*PROBLEM*:
Down to the last line, reproduce the data that follows, but skip the pictures.

*INFORMATION SHOWN*:
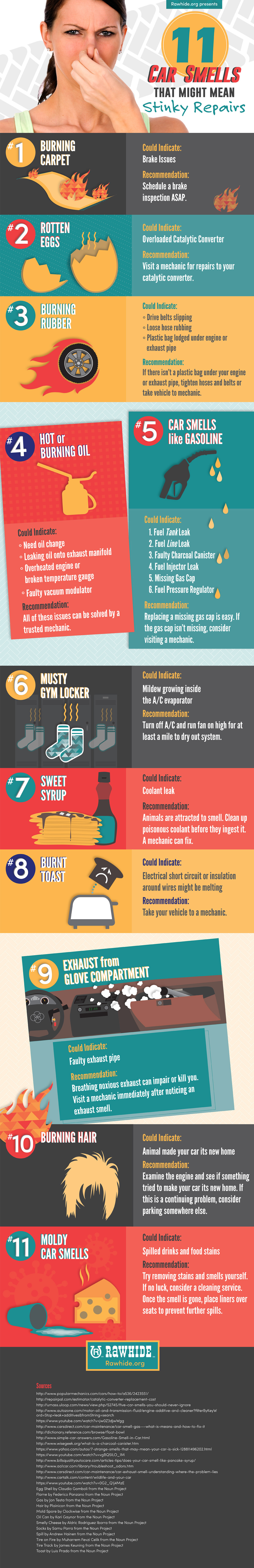 Wondering why your car smells? It could be the gym bag you forgot in your back seat or the partially eaten egg salad sandwich that fell under your seat. But it could also be a mechanical issue with your car. If your car is giving off one of the following odors, you might need more than a deodorizer… visit a mechanic.
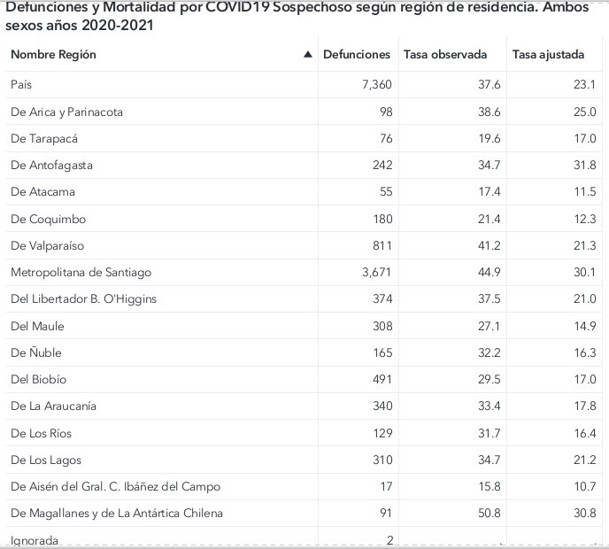 Mientras que la cifra de fallecimientos sospechosos de Covid-19 fueron 5 394 en 2020 más 1.966 personas este 2021 alcanzando 7 630. El Biobío presentó 241 muertes en 2020 y 250 muertes sospechosas en 2021 para alcanzar 491 personas.
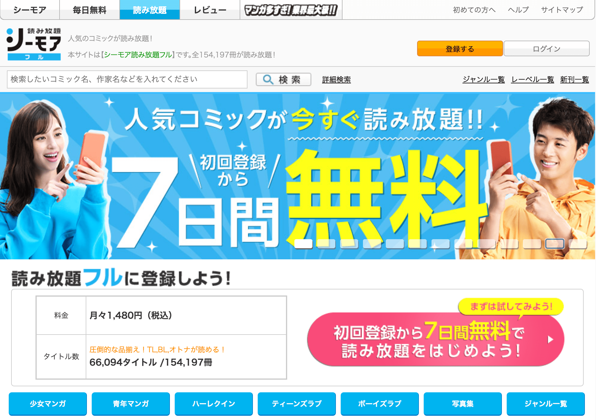 コミックシーモアの読み放題に登録すると、いまなら読み放題ライト、読み放題フルのどちらのコースも初回のみ7日間無料です。
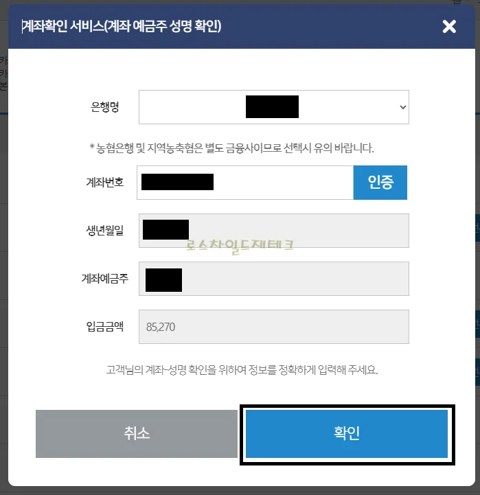 8. 계좌 정보를 넣고 확인을 누르면 포인트가 바로 통장으로 들어옵니다.

*WRITTEN RESPONSE*:
 Wondering why your car smells? It could be the gym bag you forgot in your back seat or the partially eaten egg salad sandwich that fell under your seat. But it could also be a mechanical issue with your car. If your car is giving off one of the following odors, you might need more than a deodorizer… visit a mechanic.
 Mientras que la cifra de fallecimientos sospechosos de Covid-19 fueron 5 394 en 2020 más 1.966 personas este 2021 alcanzando 7 630. El Biobío presentó 241 muertes en 2020 y 250 muertes sospechosas en 2021 para alcanzar 491 personas.
 コミックシーモアの読み放題に登録すると、いまなら読み放題ライト、読み放題フルのどちらのコースも初回のみ7日間無料です。
 8. 계좌 정보를 넣고 확인을 누르면 포인트가 바로 통장으로 들어옵니다.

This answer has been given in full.